The beginning of the piece detailed her bucolic life with her parents, well-off hotel owners who were loved for their generosity, and her close relationships with younger sisters, Monda and Simone. Eventually, World War II disrupts the business so much that it forces her parents to give it up when all their customers flee and move away.

At points during the dancing representation of the events, there was a voiceover by various dancers that detailed the life of Dora from her perspective. When Dora had to confront the angry workers of her parent’s hotel to tell them that they were leaving the voiceover of Dora said, “There is nothing here for you.” Then, the dancer immediately broke into their dance, putting reality to the words, exemplifying the emotional tragedy wrought on the entire community.

Her mother becomes deathly sick and her father is conflicted between abandoning her in the city and escaping with his daughter to escape the German invasion. Eventually, he decides against it, though the city begins to be bombed. She died a few days later. Dora remembers that the bombs looked like only fireworks to her.
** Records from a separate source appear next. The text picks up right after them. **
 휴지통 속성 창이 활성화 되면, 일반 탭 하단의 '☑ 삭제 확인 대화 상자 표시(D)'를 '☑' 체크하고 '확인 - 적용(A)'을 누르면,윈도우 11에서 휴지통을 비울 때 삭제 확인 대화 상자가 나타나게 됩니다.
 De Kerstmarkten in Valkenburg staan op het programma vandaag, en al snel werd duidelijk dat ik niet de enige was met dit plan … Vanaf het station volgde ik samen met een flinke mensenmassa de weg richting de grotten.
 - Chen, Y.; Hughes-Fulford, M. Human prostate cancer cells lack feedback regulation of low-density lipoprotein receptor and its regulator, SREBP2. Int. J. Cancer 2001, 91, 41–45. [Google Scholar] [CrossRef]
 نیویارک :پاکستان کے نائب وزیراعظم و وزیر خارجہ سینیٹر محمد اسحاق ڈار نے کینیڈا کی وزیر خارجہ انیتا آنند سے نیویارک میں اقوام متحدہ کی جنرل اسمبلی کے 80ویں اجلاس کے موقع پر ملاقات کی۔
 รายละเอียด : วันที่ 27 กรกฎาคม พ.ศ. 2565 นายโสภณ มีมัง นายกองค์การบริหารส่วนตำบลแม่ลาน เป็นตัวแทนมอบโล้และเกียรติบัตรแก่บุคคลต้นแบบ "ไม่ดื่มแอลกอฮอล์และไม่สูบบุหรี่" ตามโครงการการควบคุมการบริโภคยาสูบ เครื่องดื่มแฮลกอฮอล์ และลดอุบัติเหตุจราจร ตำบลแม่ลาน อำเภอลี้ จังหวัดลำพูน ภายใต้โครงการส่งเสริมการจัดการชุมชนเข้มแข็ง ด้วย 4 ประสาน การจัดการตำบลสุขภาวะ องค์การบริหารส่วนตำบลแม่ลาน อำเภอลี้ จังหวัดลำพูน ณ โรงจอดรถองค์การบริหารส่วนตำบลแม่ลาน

She and her sisters, removed from their war-torn reality, even laughed at the German soldiers trying to stop them for being Jewish.

Eventually, Dora and her family moved to Vichy France after Dora begins working at an internment camp for Jews that were to be sent to the concentration camp of Auschwitz. While there, she details the horrid conditions and the hopelessness that they experienced. In an act of rebellion, she joins an underground Jewish resistance organization that tries to save children by smuggling them out. During this time, she remarks the futility of the situation she is in: she can only save so many people, and why is it that the parents and grandparents have to be the ones that die? Why does anyone have to die?
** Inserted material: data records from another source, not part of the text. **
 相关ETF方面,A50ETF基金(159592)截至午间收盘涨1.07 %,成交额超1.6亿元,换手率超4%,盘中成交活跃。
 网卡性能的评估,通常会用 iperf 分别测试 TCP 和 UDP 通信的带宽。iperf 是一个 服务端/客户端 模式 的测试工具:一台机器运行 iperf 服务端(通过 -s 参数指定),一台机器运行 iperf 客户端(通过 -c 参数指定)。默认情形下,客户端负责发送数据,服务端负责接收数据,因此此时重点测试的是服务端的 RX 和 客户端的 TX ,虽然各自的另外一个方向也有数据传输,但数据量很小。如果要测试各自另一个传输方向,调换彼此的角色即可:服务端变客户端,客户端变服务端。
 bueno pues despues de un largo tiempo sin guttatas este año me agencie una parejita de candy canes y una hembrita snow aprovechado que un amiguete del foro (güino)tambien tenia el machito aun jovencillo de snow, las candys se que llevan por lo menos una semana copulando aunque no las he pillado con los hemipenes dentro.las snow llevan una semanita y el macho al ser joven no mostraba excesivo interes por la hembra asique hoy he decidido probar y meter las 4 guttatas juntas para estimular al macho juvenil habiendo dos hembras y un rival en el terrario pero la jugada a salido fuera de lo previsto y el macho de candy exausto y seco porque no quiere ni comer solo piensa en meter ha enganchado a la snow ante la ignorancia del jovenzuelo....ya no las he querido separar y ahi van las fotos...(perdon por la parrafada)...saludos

She suffocates herself in her work to remove herself from her reality and becomes deathly sick. She is sent on medical leave to Marseille to live with her wealthy cousins. Simone visits and decides to stay, against Dora’s wishes but Dora decides that there is nothing she can do to change Simone’s mind. Simone later dies from infection after a failed abortion. At the funeral, Dora’s cousin Emilie whispers to her that this is all your fault.

After, Dora is put in charge of a group of 100 orphans that are being held secretly at a mountain resort while they are being sent to live off with new families. She says the challenge of keeping 100 kids a secret from the clients of the resort, especially because most of them don’t even speak French and most are between eight to eleven years.

Finally, the war came to an end and she and her family celebrate as the peace rolls over the continent. She did everything she could to help stem the death and destruction the war brought to the world. Despite her personal futility in being able to effectively stop or even end the genocidal actions by the Nazis, she comes to the conclusion that even if she had been able to save only one person, it still would have been worth it. One is enough to make a difference, a difference that can change, and save, a life. And that one is enough.